Top of Provided entries
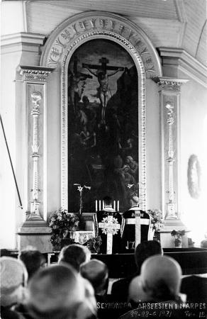 Prosten Nordlund tillsammans med en kollega håller en förbön i Närpes kyrka. Online
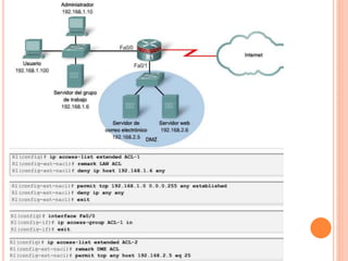 Las ACLs extendidas permiten filtrar paquetes basándose en información de capas 3 y 4 como direcciones IP, puertos TCP y UDP. Esto ofrece mayor flexibilidad que las ACLs estándar que solo filtran por dirección IP. Las ACLs se aplican a interfaces de red o líneas vty para permitir o denegar acceso basándose en las condiciones especificadas.
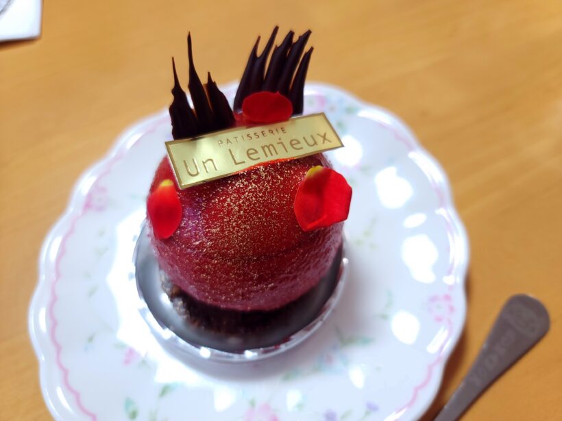 私が食べたのは真っ赤で真ん丸なのが最高に可愛い&オシャレな「ショコラルージュ」。エディブルフラワーまで載っててビジュアル100点満点です。
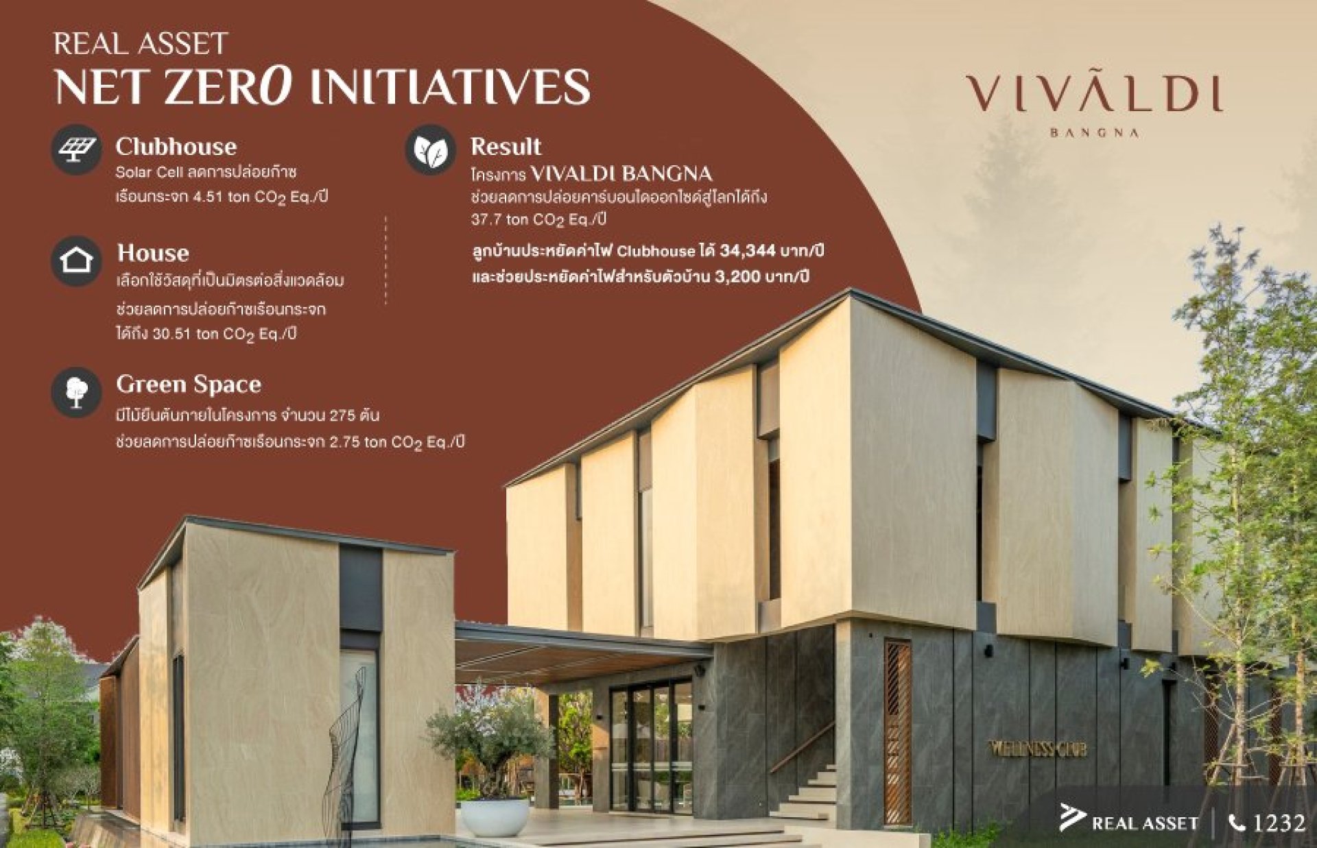 REAL ASSET มุ่งมั่นในการสร้างคุณภาพชีวิตที่ดีอย่างยั่งยืน โดยการพัฒนาโครงการในแบบ 'NET ZERO' หรือการลดการปล่อยก๊าซเรือนกระจกสุทธิเป็นศูนย์ ซึ่งจะส่งผลดีโดยตรงทั้งต่อลูกบ้าน และโลกของเรา
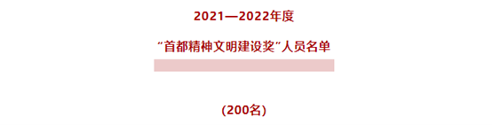 2021年以来,首都精神文明建设战线坚持以习近平新时代中国特色社会主义思想为指导,全面学习宣传贯彻党的二十大精神,深入落实习近平总书记对北京一系列重要讲话精神,立足“四个中心”功能建设、提高“四个服务”水平,聚焦全市中心工作,坚持首善标准,广泛培育和践行社会主义核心价值观,深入推进精神文明创建,首都各界涌现出一大批精神文明建设方面的先进典型,为建设国际一流的和谐宜居之都做出了积极贡献。为表彰先进,营造正气充盈、见贤思齐的良好氛围,中共北京市委、北京市人民政府决定,授予200名同志“首都精神文明建设奖”。
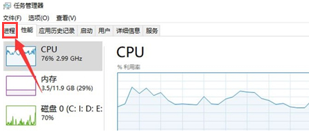 2、在任务管理器页面中点击上方的进程选项。
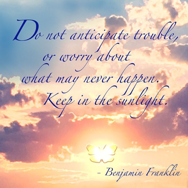 Do not anticipate trouble, or worry about what may never happen. Keep in the sunlight.
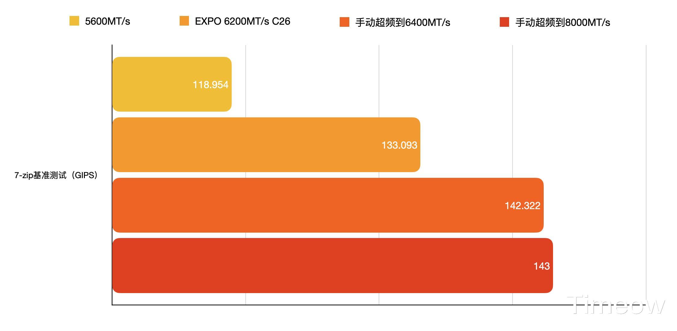 以上数据相比5600MT/s频率,性能提升幅度达到了约24~27%,延迟也大幅下降了约36%,性能提升非常亮眼,而且这个性能远超大多数的6000C28内存了,延迟也比别家EXPO后70多纳秒的要低不少。
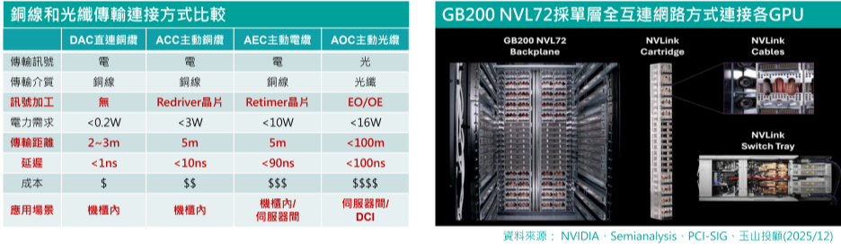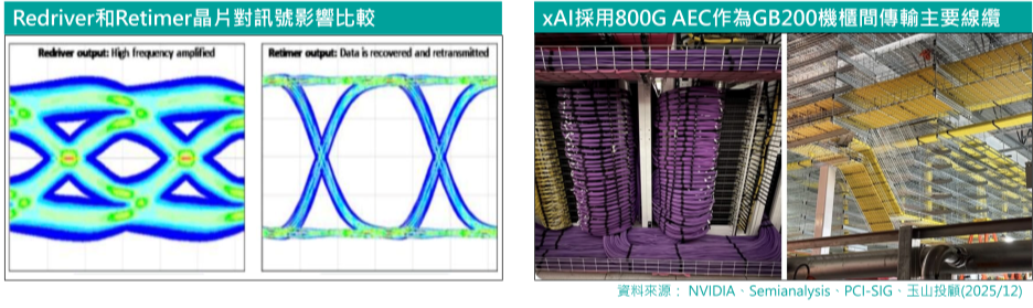 AEC主動電纜兩端內含Retimer/DSP晶片,可將訊號重新調節、消除雜音以及放大訊號,提升清晰程度,由於單價較高,目前主要應用於ASIC伺服器。隨Retimer和DSP晶片頻寬增加,可減少銅纜使用量,更易於凹折,同時增加線纜長度,可應用於機櫃間長距離傳輸。xAI大型資料中心「Colossus II」採用800G AEC主動電纜作為GB200伺服器機櫃間傳輸主要線纜,為AEC首次應用於GB200機櫃,顯示AEC從過往Tray-to-Tray傳輸應用場景拓展至Rack-to-Rack。
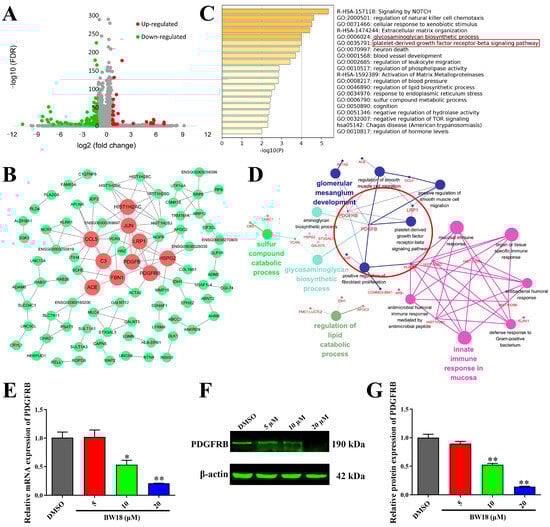PDGFRB was identified as an important downstream target gene of BW18. (A) Volcano plot shows the DEGs between HEL cells treated with and without BW18. Red dots represent up-regulated genes, green dots represented down-regulated genes and grey dots represented unchanged genes. DEGs were identified according to the following criteria: |log2 (fold change)| ≥ 1 and FDR < 0.0001. (B) PPI network of 184 BW18-related DEGs. Red represents hub genes. (C) Top 20 clusters of enrichment analysis of 184 BW18-related DEGs from Metascape. (D) Using ClueGO analysis of 184 BW18-related DEGs, 15 signaling pathways were significantly enriched (p < 0.05). (E–G) Effects of BW18 on expression of PDGFRB in HEL cells. (E) mRNA level. (F,G) Protein level. All data are expressed as the mean ± SD. β-actin was used as the loading control. Each experiment was repeated in triplicate. * p < 0.05, and ** p < 0.01 vs. the control group.
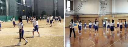 1年生は体育です、男子はハンドボール、女子はバスケットボールです。
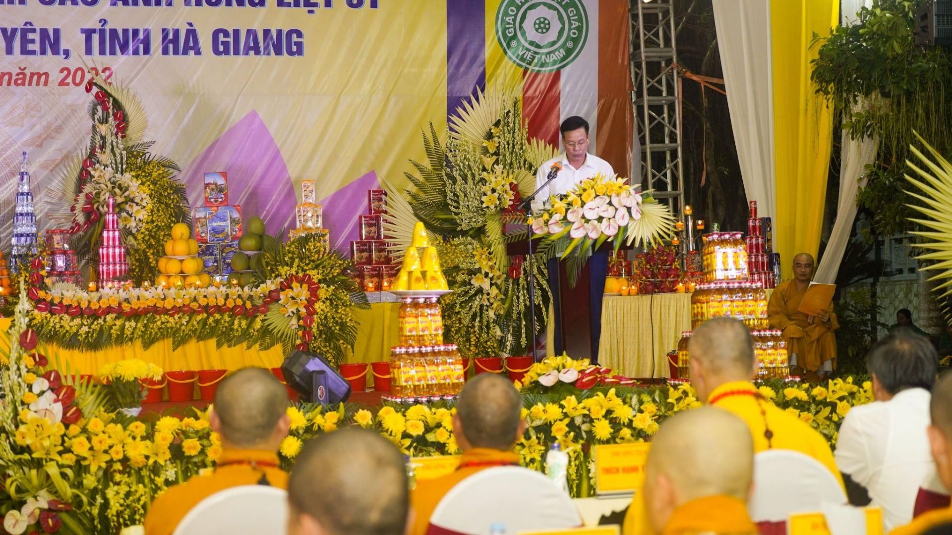 Phát biểu tại Đại lễ, Chủ tịch UBND tỉnh Hà Giang Nguyễn Văn Sơn nhấn mạnh công lao to lớn của anh hùng liệt sỹ đã ngã xuống trong cuộc chiến bảo vệ biên giới phía Bắc của đất nước, thế hệ đi sau luôn khắc ghi và noi theo thế hệ cha anh quyết tâm giữ vững nền độc lập, ra sức xây dựng và bảo vệ đất nước. Thay mặt cho lãnh đạo tỉnh, Chủ tịch Nguyễn Văn Sơn cũng gửi lời cảm ơn đến chư tôn giáo phẩm, Đại đức Tăng, Ni gia đình các thương, bệnh binh các cựu chiến binh lời chúc sức khỏe, bình an.
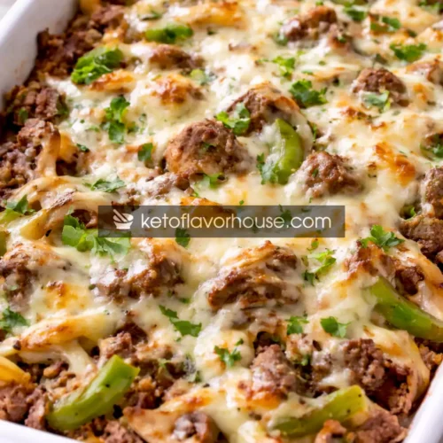 The first time I made this casserole, I remember thinking it would be “good enough.” I didn’t expect it to truly replace the comfort of a traditional cheesesteak-style dish. But once it came out of the oven — bubbling slightly around the edges, cheese melted just enough — I knew I had something special.
Bottom of Provided entries
» **Your goal**: Everything from the opening line of the data through the line with "Do not anticipate" should be repeated exactly; leave the pictures out.

» **Answer to this task**:
 Prosten Nordlund tillsammans med en kollega håller en förbön i Närpes kyrka. Online
 Las ACLs extendidas permiten filtrar paquetes basándose en información de capas 3 y 4 como direcciones IP, puertos TCP y UDP. Esto ofrece mayor flexibilidad que las ACLs estándar que solo filtran por dirección IP. Las ACLs se aplican a interfaces de red o líneas vty para permitir o denegar acceso basándose en las condiciones especificadas.
 私が食べたのは真っ赤で真ん丸なのが最高に可愛い&オシャレな「ショコラルージュ」。エディブルフラワーまで載っててビジュアル100点満点です。
 REAL ASSET มุ่งมั่นในการสร้างคุณภาพชีวิตที่ดีอย่างยั่งยืน โดยการพัฒนาโครงการในแบบ 'NET ZERO' หรือการลดการปล่อยก๊าซเรือนกระจกสุทธิเป็นศูนย์ ซึ่งจะส่งผลดีโดยตรงทั้งต่อลูกบ้าน และโลกของเรา
 2021年以来,首都精神文明建设战线坚持以习近平新时代中国特色社会主义思想为指导,全面学习宣传贯彻党的二十大精神,深入落实习近平总书记对北京一系列重要讲话精神,立足“四个中心”功能建设、提高“四个服务”水平,聚焦全市中心工作,坚持首善标准,广泛培育和践行社会主义核心价值观,深入推进精神文明创建,首都各界涌现出一大批精神文明建设方面的先进典型,为建设国际一流的和谐宜居之都做出了积极贡献。为表彰先进,营造正气充盈、见贤思齐的良好氛围,中共北京市委、北京市人民政府决定,授予200名同志“首都精神文明建设奖”。
 2、在任务管理器页面中点击上方的进程选项。
 Do not anticipate trouble, or worry about what may never happen. Keep in the sunlight.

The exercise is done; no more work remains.